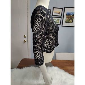 Lovecat lace crop top with zippered back. This is a beautiful blouse, the lace is undamaged. Note* This blouse does not have a liner, it only consists of lace. Pit to pit 16" length from shoulder to hem 15". Measurements are approximate. Bundle and save!
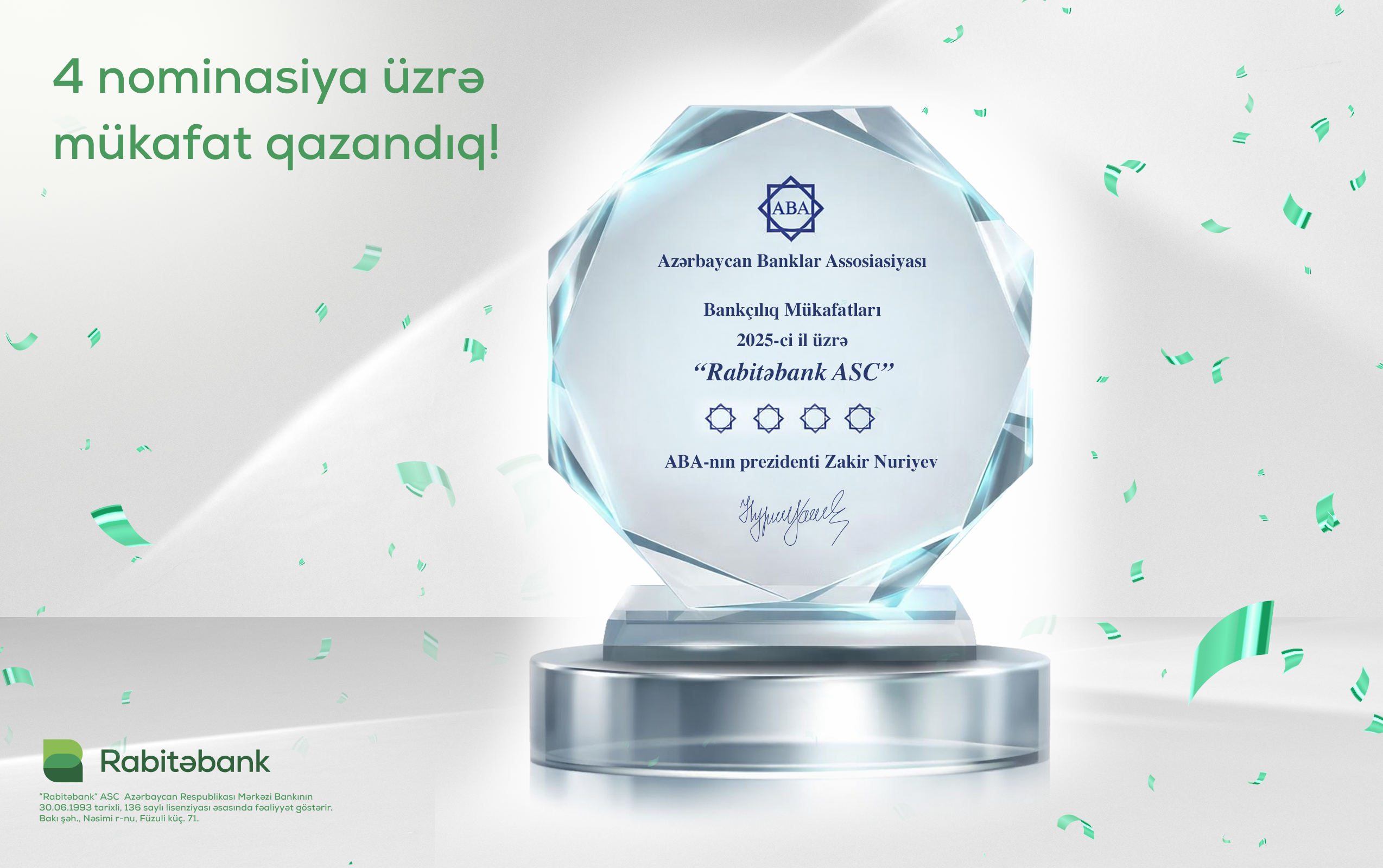 Rabitəbank Azərbaycan Banklar Assosiasiyası (ABA) tərəfindən təşkil olunan “Bankçılıq Mükafatları – 2025” tədbiri çərçivəsində 4 mühüm nominasiya üzrə mükafata layiq görülüb. Bankın il ərzində həyata keçirdiyi çoxşaxəli fəaliyyətlər, innovativ yanaşmaları və sosial məsuliyyət təşəbbüsləri nüfuzlu mükafatlarla yüksək qiymətləndirilib.
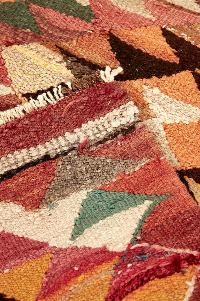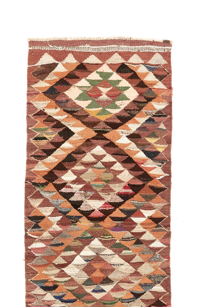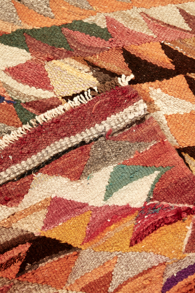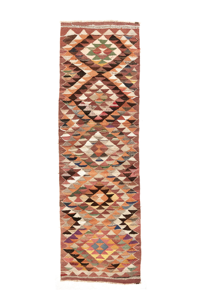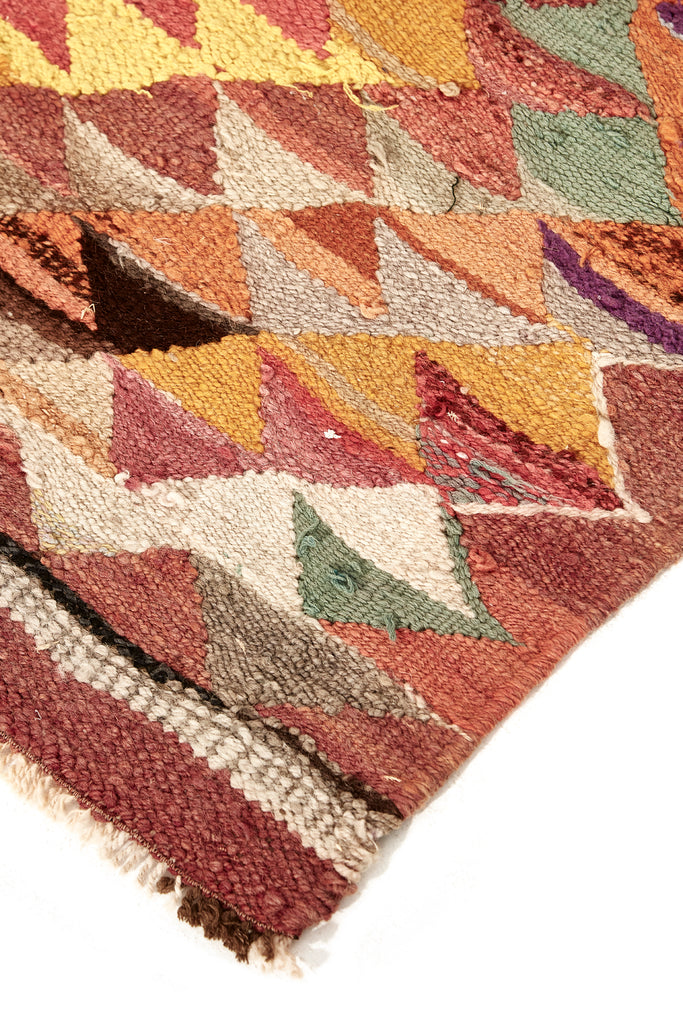 Daana is a thickly woven village kilim runner. This runner is beautiful and has soft hues  of the rainbow that work harmoniously with each other. Woven in 100% wool that has a rag rug style with loose threads and a casual design.
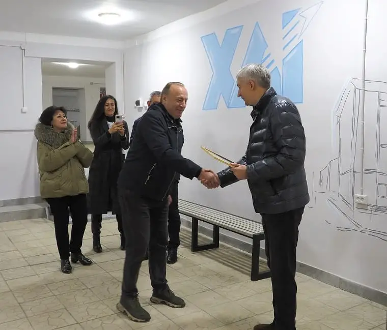 І вже незабаром роботи розпочалися в укриттях ГУРТОЖИТКУ ХАІ-12, де мешкають сотні переселенців із харківського прикордоння.
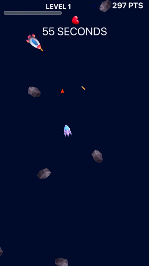 Three game modes: survive for a minute in an asteroid field, destroy as many asteroids as possible or reach the flag and escape the black hole.
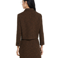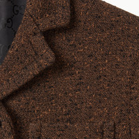 In the Fall Winter 2025 collection, utility codes are refined through precise cuts and compact proportions. This cropped jacket features a peak lapel, four front patch pockets with flaps and a button-up front. Half lined. - Dark brown and black seeded wool with a textured appearance - Gucci horn buttons - Half lined - Peak lapel - Four front patch pockets - Button closure - Length: 18.9"; based on size 38 IT - Made in Italy
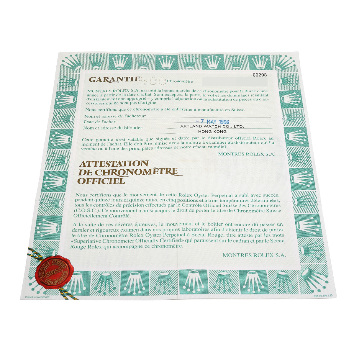 - メーカー保証書( 1996年5月海外購入)
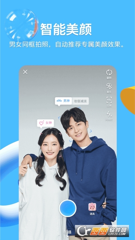- 新增智能美颜功能,男女同框拍照时,自动推荐专属美颜效果;
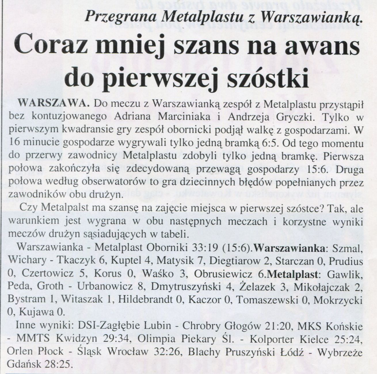 - 23 lutego 2002 r. piłkarze ręczni Metalplastu Oborniki w meczu ekstraklasy mężczyzn w piłce ręcznej przegrali z Warszawianką Warszawa 33:19
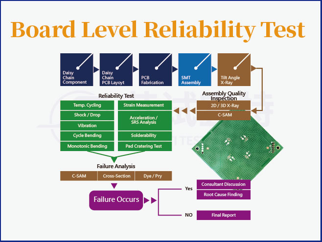 为了满足车用【板阶(Board Level)】可靠度需求,苏试宜特提供BLR试验规划/撰写,PCB布局/制作、SMT组装、试验执行与焊点数据监控/撷取等相关能力,并结合车用芯片与车用系统,提供客户完整的可靠性验证环境。
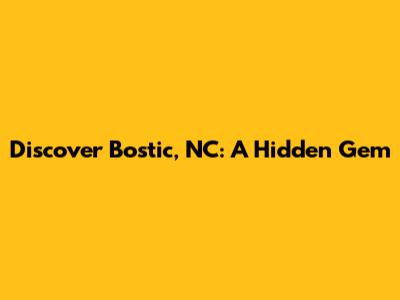Discover Bostic, NC: A Hidden Gem
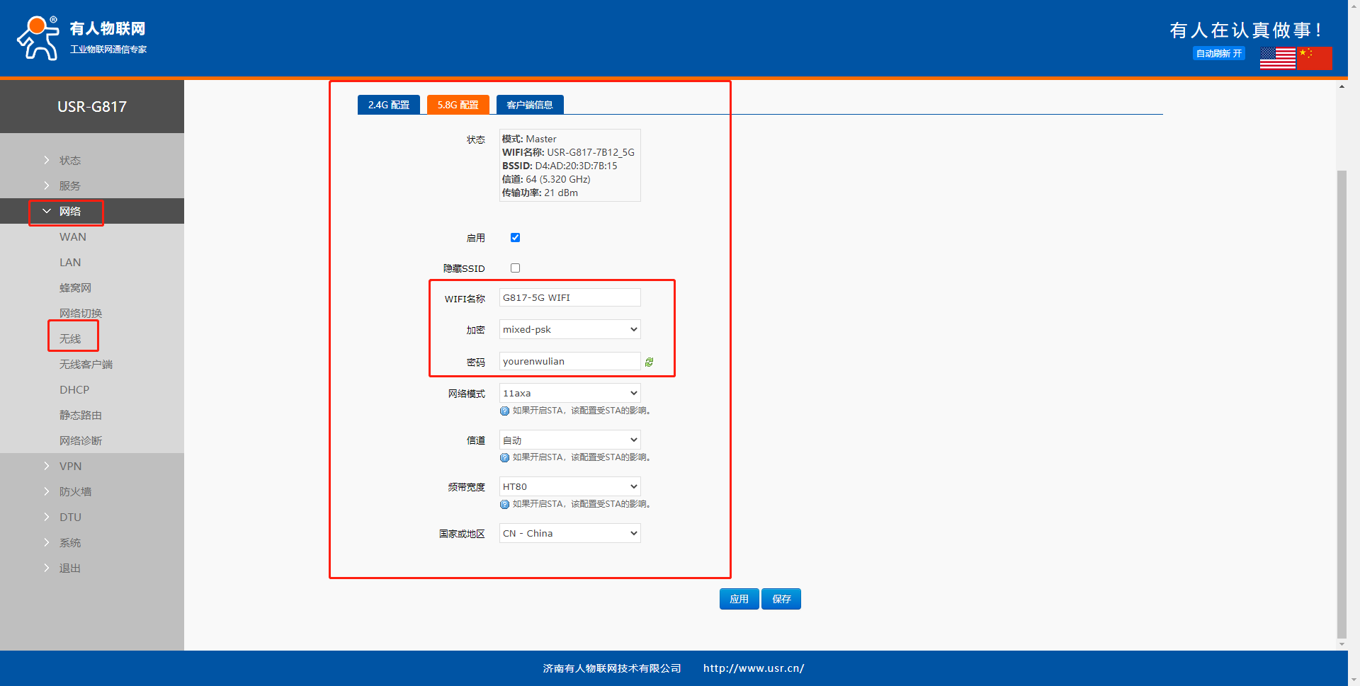 USR-G817工業(yè)級路由器如何修改WiFi參數(shù)
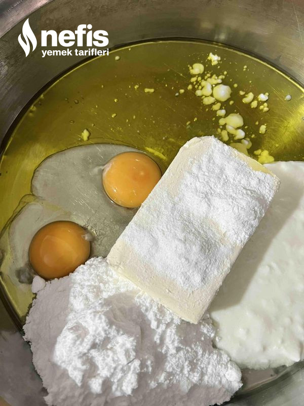 - Margarin, yumurta, sıvı yağı, yoğurt, pudra şekeri, vanilya, kabartma tozunu alıp karıştıralım üzerine de unu eleyip karıştıralım 1 saat dinlendirelim.
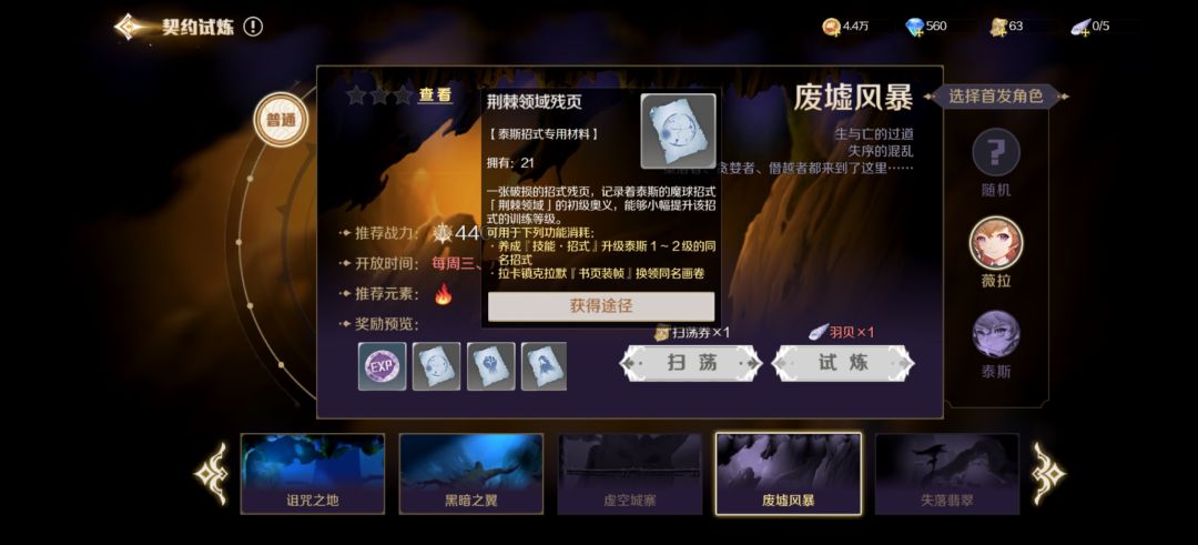 技能残页的获取方式有很多种。例如任务获取、活动获取、宝箱获取,最重要的是契约试炼。契约试炼中有很多关卡,其中就有关卡掉落技能残页。但并不是每天都开放,所以在去打技能残页的时候一定要看清。
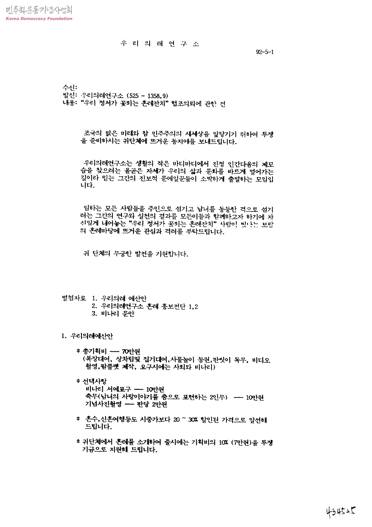 우리 정서가 꽃피는 혼례잔치 협조의뢰에 관한 건[수신:[가톨릭노동사목전국협의회], 발신:우리의례연구소]

★ ★ ★ ★ ★ ★ ★

[WORK INSTRUCTION]: Using the material above, reproduce only the lines that run from the line with "І вже незабаром" up to and including the line with "Three game modes: survive", exactly, with the pictures dropped.

[ANSWER BOX]:
 І вже незабаром роботи розпочалися в укриттях ГУРТОЖИТКУ ХАІ-12, де мешкають сотні переселенців із харківського прикордоння.
 Three game modes: survive for a minute in an asteroid field, destroy as many asteroids as possible or reach the flag and escape the black hole.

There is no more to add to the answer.